Task to carry out — There should be no pictures in your answer, only an exact copy of the lines from the one with "2月誕生石アメジストを一粒使" through the end of the material.

Information provided —
◆ ◆ ◆ ◆

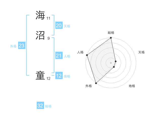 海沼 童さんの総格は32画の5点!
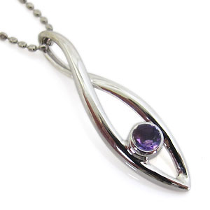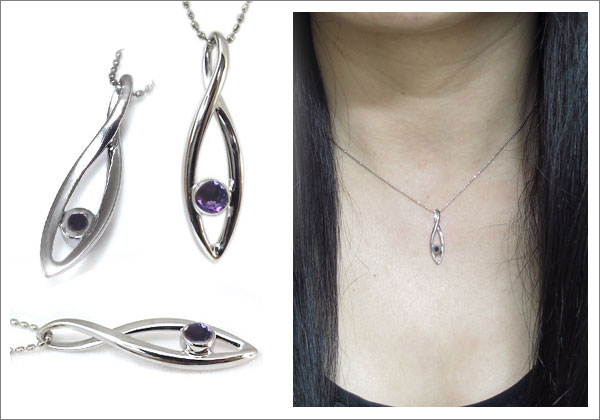2月誕生石アメジストを一粒使用したシンプルデザインのプラチナ製ネックレスペンダントです。
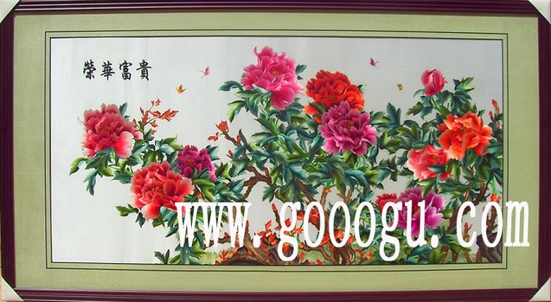 大型蘇繡牡丹裝飾畫&大型廳堂裝飾壁畫&手工刺繡富貴掛畫

◆ ◆ ◆ ◆

Answer to this task —
2月誕生石アメジストを一粒使用したシンプルデザインのプラチナ製ネックレスペンダントです。
 大型蘇繡牡丹裝飾畫&大型廳堂裝飾壁畫&手工刺繡富貴掛畫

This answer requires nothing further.